• EU pushes for new surveillance technology against migration, German police union asks for €35 million

    A new EU regulation on the introduction of border controls came into force in June. Unwanted entries are to be prevented using drones, motion sensors and other technologies.

    The police spoke out on Monday in the debate about stationary controls at Germany’s internal borders. Andreas Roßkopf, chairman of the GdP police union responsible for the Federal Police, warned of personnel and equipment bottlenecks. He is calling for “mobile, flexible and intelligent border controls” as well as mobile checkpoints that can be set up “flexibly and adapted to the situation”. The German government should provide around €35 million for this, he said.

    According to the Schengen Agreement concluded in 1985, the more than 400 million citizens of the EU member states as well as Switzerland, Norway, Iceland and Liechtenstein are actually allowed to cross the common internal borders without personal checks. An implementing agreement regulates “compensatory measures”, including the upgrading of the EU’s external borders and the creation of the Frontex border agency.

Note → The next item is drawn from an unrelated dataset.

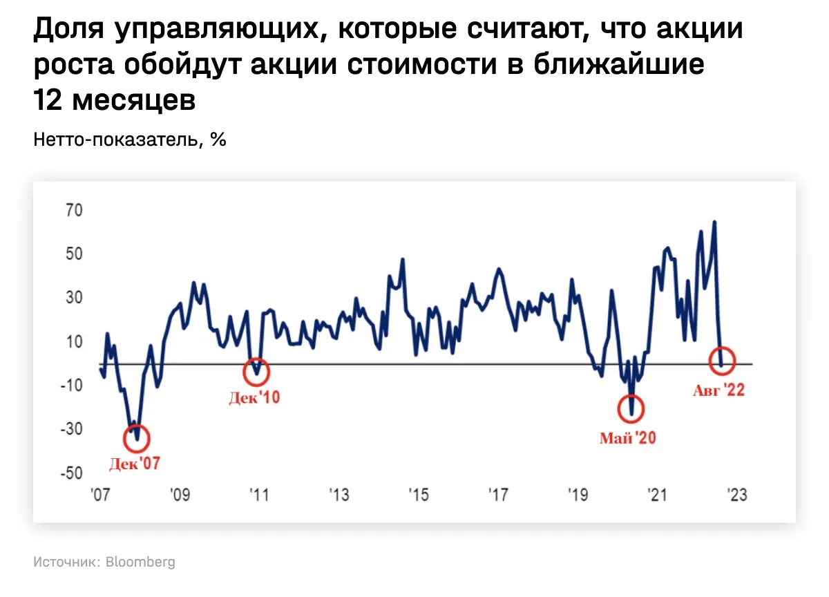 Также августовский опрос Bank of America показал, что впервые с августа 2020 года большинство портфельных управляющих считают, что акции роста обойдут акции стоимости в ближайшие 12 месяцев. Этот опрос проводился до Джексон-Хоул, но явно отображает настроения на Уолл-стрит.
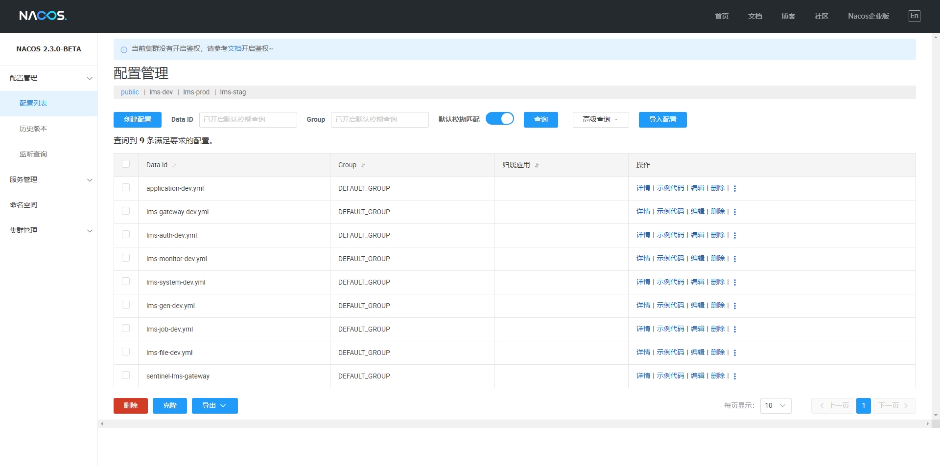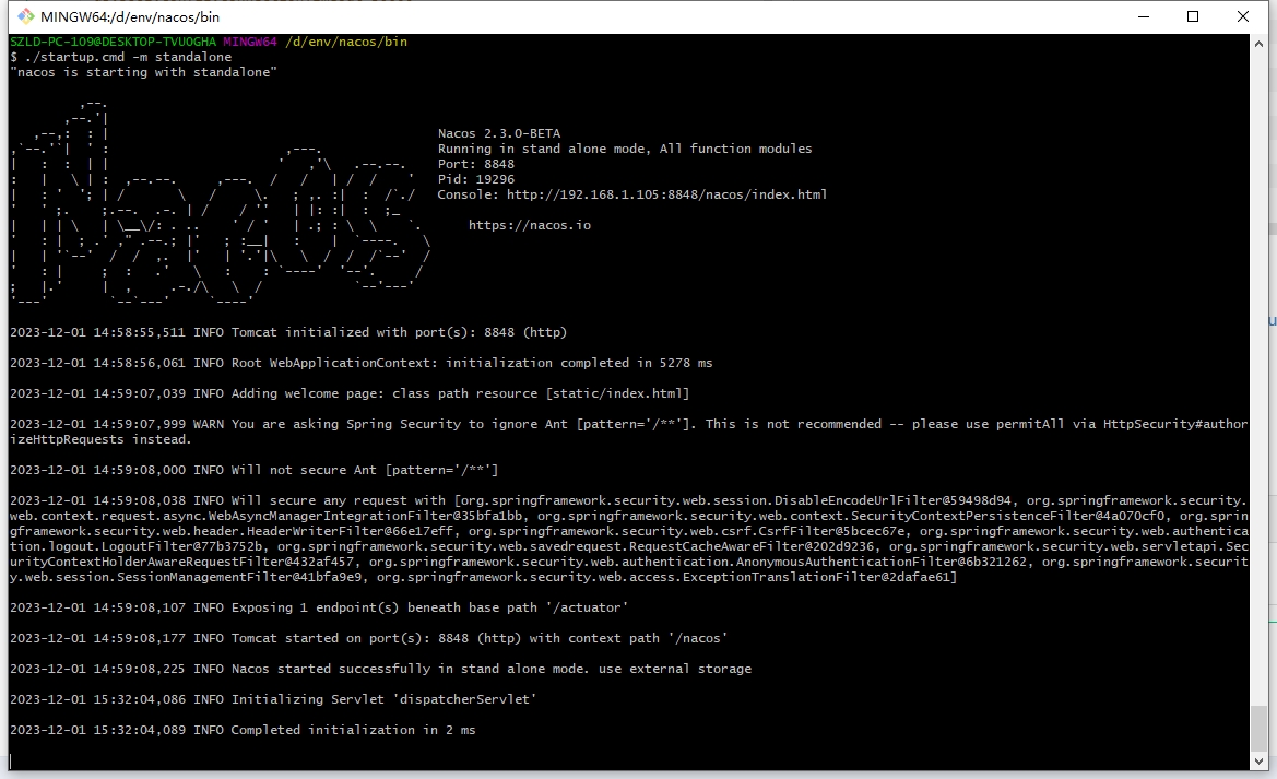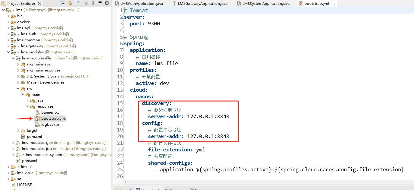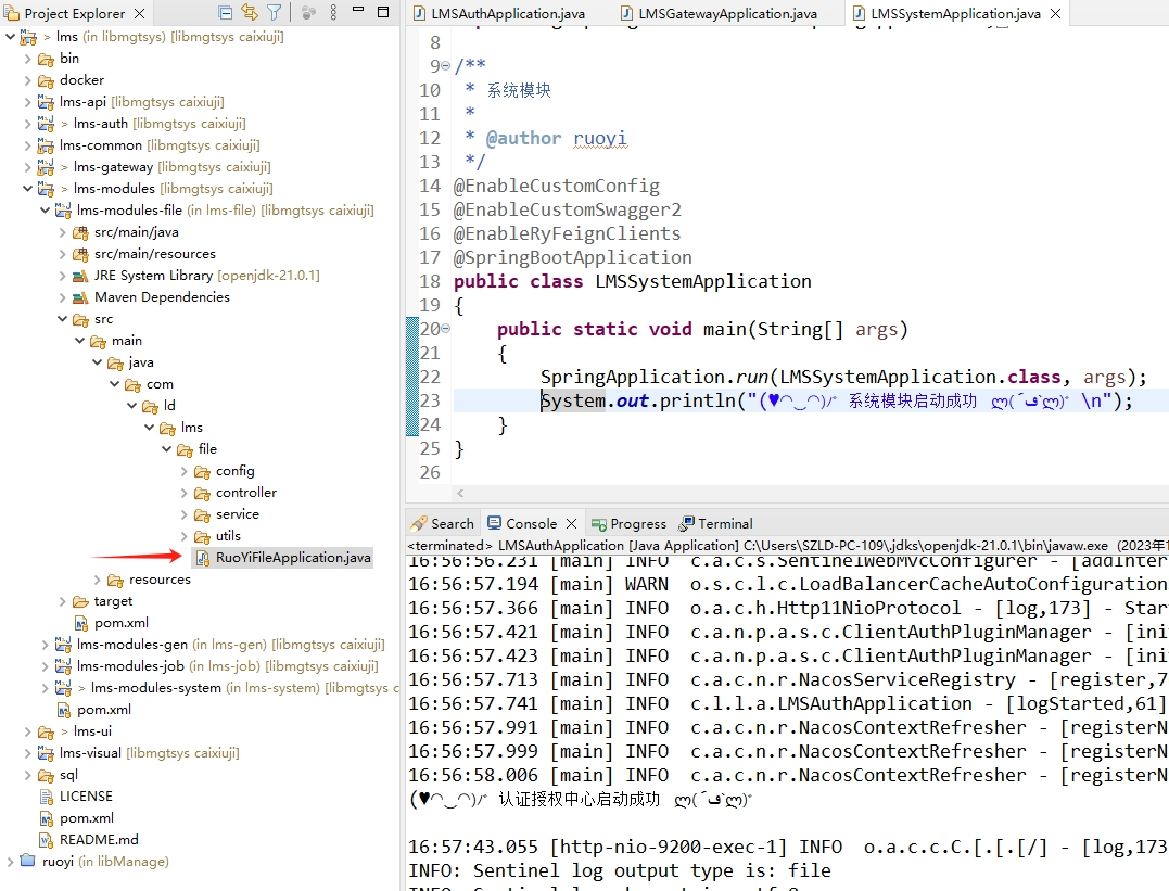 若依系统安装,配置和启动 日期:2023-12-01 栏目:计算机分类:1 人气:315 ### 准备工作 JDK >= 1.8 (推荐1.8版本) Mysql >= 5.7.0 (推荐5.7版本) Redis >= 3.0 Maven >= 3.0 Node >= 12 nacos >= 2.0.4 安装若依框架前后端分离版本需要准备好如上环境 ### 环境配置 其他环境无需配置,仅需要配置nacos。 - 新建一个数据库,例如`nacos`用来存放nacos的数据。 - 官网下载nacos初始化配置`ry_config_2021xxxx.sql`,导入数据库 - 找到本地安装的nacos配置文件`${INSTALL_PATH}conf/application.properties`,更改nacos配置模块存储方式为数据库。 ``` #*************** Config Module Related Configurations ***************# ### If use MySQL as datasource: ### Deprecated configuration property, it is recommended to use `spring.sql.init.platform` replaced. # spring.datasource.platform=mysql spring.sql.init.platform=mysql ### Count of DB: db.num=1 ### Connect URL of DB: # nacos为数据库名称 db.url.0=jdbc:mysql://127.0.0.1:3306/nacos?characterEncoding=utf8&connectTimeout=1000&socketTimeout=3000&autoReconnect=true&useUnicode=true&useSSL=false&serverTimezone=UTC # 数据库用户名 db.user.0=root # 数据库密码 db.password.0=root ### Connection pool configuration: hikariCP db.pool.config.connectionTimeout=30000 db.pool.config.validationTimeout=10000 db.pool.config.maximumPoolSize=20 db.pool.config.minimumIdle=2 ### the maximum retry times for push nacos.config.push.maxRetryTime=50 ``` ### 拉取代码 - 前往Gitee下载页面(https://gitee.com/y_project/RuoYi-Cloud (opens new window))下载代码解压到工作目录。 - 新建一个数据库,例如`ry-cloud`用来存放若依系统的数据 - 从官网下载若依初始化脚本`ry_2021xxxx.sql`,导入数据库 ### 启动nacos - 找到本地安装的nacos的启动文件 ``` ./startup.cmd -m standalone ``` 启动成功显示如下  - 浏览器访问地址(http://localhost:8848/nacos)打开控制界面,用户名密码都是`nacos`,登录之后看到默认配置已导入,类似如下  - 更改`gateway`,`auth`,`system`三个配置文件中的nacos,数据库和redis的地址,账号和密码 ### 启动后端 - Eclipse导入刚刚拉取的代码,已maven项目导入  > 首次导入需要下载依赖,时间依据网速而异,可能会很长,需耐心等待,右下角可以看到进度条,进度条消失标识加载完毕 - 找到三个必须的模块的配置文件`bootstrap.yml`,更改nacos的配置地址  - 分别找到模块主文件`LMSSystemApplication`,`LMSGatewayApplication`,`LMSAuthApplication`  - 在主文件中,右键菜单选择`Run as`>`Java Application`,启动服务,启动成功之后`console`中显示如下信息  ### 启动前端 - VS Code,打开目录下的`ry-ui`文件件 - npm安装依赖 ``` npm install ``` > 时间依据网速而异,可能会很长,需耐心等待 - 开发模式启动 ``` npm run dev ``` - 启动成功之后,浏览器会自动打开地址(http://localhost:80) - 如果出现验证码,使用默认账号能登录,说明系统搭建成功 标签: java 若依 上一篇:如何使用mvn命令导入依赖 下一篇:Docker容器操作 随便看看 2024-02-19 PHP7 运算符“??” 和“?:”的区别 2022-11-30 Linux 后台运行命令 2022-11-25 关于我们 2022-11-30 centos一键系统安装lnmp集成环境 2022-11-30 linux 生成 ssh 公钥 留言

    The implementation of control-free internal borders is regulated in the Schengen Borders Code. Short-term exceptions apply, for example, during major political or sporting events. With the “migration crisis”, countries such as Germany, France, Austria, Denmark and Norway utilised another paragraph from 2015 to resume border controls for an initial period of six months. This measure was extended to two years. In order to continue it, the states changed the justification to an alleged “risk of terrorist attacks”.

    The EU Commission, as “guardian of the EU treaties” also responsible for compliance with the Schengen Agreement, repeatedly reprimanded the governments concerned for the internal border controls that had been in place for almost ten years. In 2021, it presented a proposal to revise the Borders Code. After three years, the member states and Parliament agreed on a final version, which came into force in June 2024. It distinguishes between “foreseeable” and “unforeseeable threats”.

    Controls due to “foreseeable threats”, which are to last longer than six months, require a risk analysis by proclaiming states. This should examine whether the objectives can be achieved by more lenient means. The Commission must comment on extensions of more than 18 months. Border controls due to the same “exceptional situation with a persistent threat” may not exceed a total of three years.

    Regulations for pandemics were also included, according to which the EU’s external borders can be partially closed or testing, quarantine and self-isolation measures can be prescribed by a Council decision.

    There was controversy over the question of whether the “instrumentalisation” of migration should also be regulated in the regulation. This refers to cases such as at the EU borders with Turkey or Belarus, in which the governments deliberately brought refugees to the border so that they could enter the EU from there. According to the Borders Code, countries affected by such a situation may then close their external borders and other Schengen members may control their internal borders for one month, which can be extended to up to three months.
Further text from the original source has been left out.